As of now, is Deep Speech viable for real-world applications?

(Misho Kostira) #1

Is anyone using Deep Speech in an application and what results are you getting, compared to, say, Google voice recognition on regular audio captured from a smartphone?

There is a blog post proclaiming 5.6% word error rate, which sounds great, but digging deeper it appears the result was biased by testing data leaking into the training set. Additionaly, the latest model (0.3) has a lower WER (11.2% on LibriSpeech clean) due to optimizations (see Deepspeech accuracy decreasing?).

Also, I’ve not been able to find any video demos. So far the only thing close to a demo I have come across is this video:

(Dan) #2

With a bit of tuning, DeepSpeech can be quite good. We built a frontend with an API so we could use DeepSpeech to transcribe voicemails and recordings for our customers. We also contributed code and documentation to FusionPBX so this would be really simple for other people to use, as we want to encourage use of DeepSpeech.

One big gotcha is VAD, it seems to slice audio files too finely, resulting in plentiful misspelled words and bad results, whereas feeding the same audio file directly to DeepSpeech will return a fairly good transcript (though you may use up all your RAM when transcribing 1+ minute files).

(Yv) #3

which is rather curious as the models are trained on <10sec audio clips

Have you done any investigation where the errors on short segments come from? e.g.

  • acoustic vs language model
  • can you see the same errors when segmenting the audio manually rather than using webrtcVAD?

(Dan) #4

By acoustic vs language model do you mean trying transcription without the language model? If so, we did that accidentally in older versions of DeepSpeech Frontend, the results were poor. This was prior to VAD though.

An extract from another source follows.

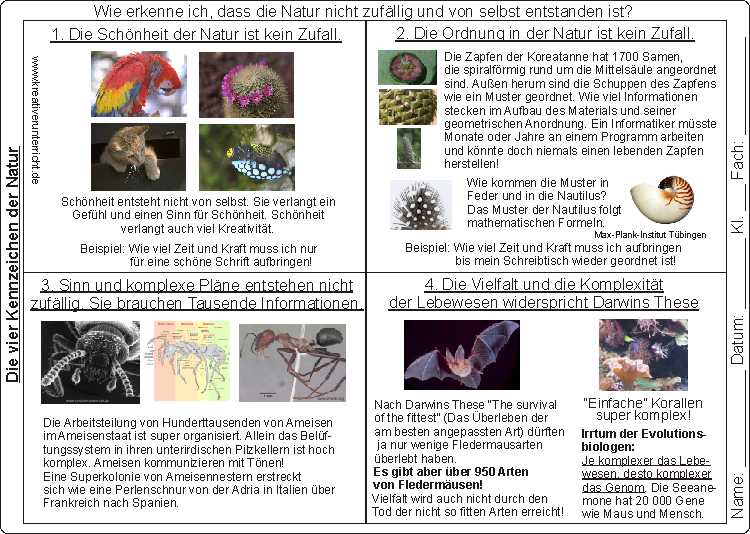 Kriterien und Kennzeichen eines kreativen Designs in der Natur sind:

Manually breaking apart audio doesn’t create these incorrect transcriptions. My working theory (corroborated by others on the #machinelearning IRC channel) is that WebRTCVAD is a touch aggressive in slicing up audio, so the beginning and the end of the word can sometimes get partially chopped off resulting in DeepSpeech not understanding the malformed audio its given.

(Yv) #5

yeah, one way to check the results of the acoustic model in greater detail is to look at the output of the softmax layer and see which characters were guessed as most probable,

e.g. is the expected character in 5 most probable characters guessed by the model?

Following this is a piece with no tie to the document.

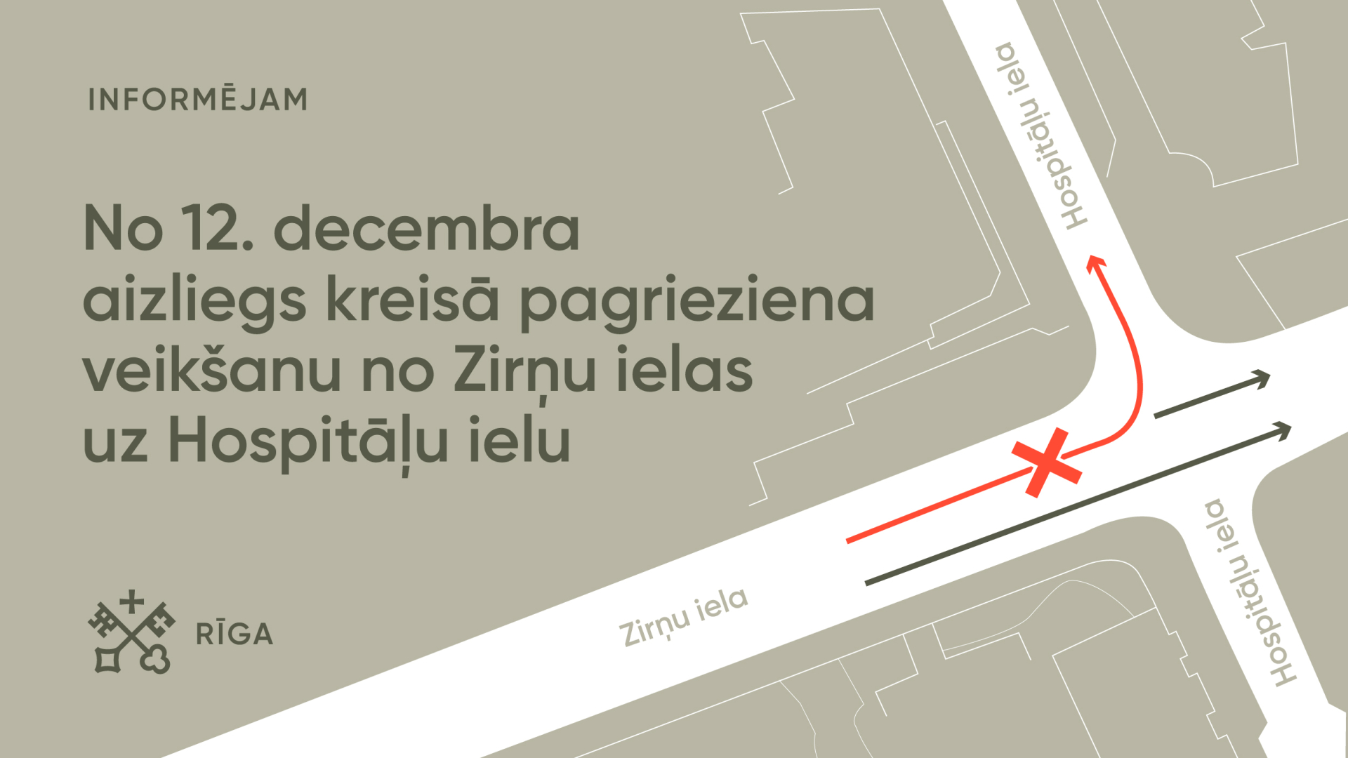 Piektdien, 12. decembrī, Zirņu uz Hospitāļu ielas krustojumā veiks satiksmes organizācijas izmaiņas. Turpmāk no Zirņu ielas nevarēs veikt kreiso pagriezienu uz Hospitāļu ielu. Izmaiņas ieviesīs virzienā uz Miera ielu.

if all expected characters are there after acoustic phase, then the language model part is the culprit

Even with VAD cutting first/last word, the middle part still should be reasonably transcribed unless the bad start/end of the word sequence throws the language model totally off.

(Dan) #6

Any pointers as to how to look at the output of the softmax layer? Haven’t had much time to dig into this, been sidetracked doing some optimization work on transcoding WAVs to Opus in an optimal manner.

(Yv) #7

I’m using a script inspired by the inference part of the deepspeech script in python for that. Also described here:

(Lissyx) #8

Working on TF Lite version integrated into some other app through the mozillaspeechlibrary code, I can confirm one needs to be careful around WeRTC VAD, but I could get nice results on a Pixel 2 even with some background noise, and in french.

(Misho Kostira) #9

Good stuff, thanks for the insights!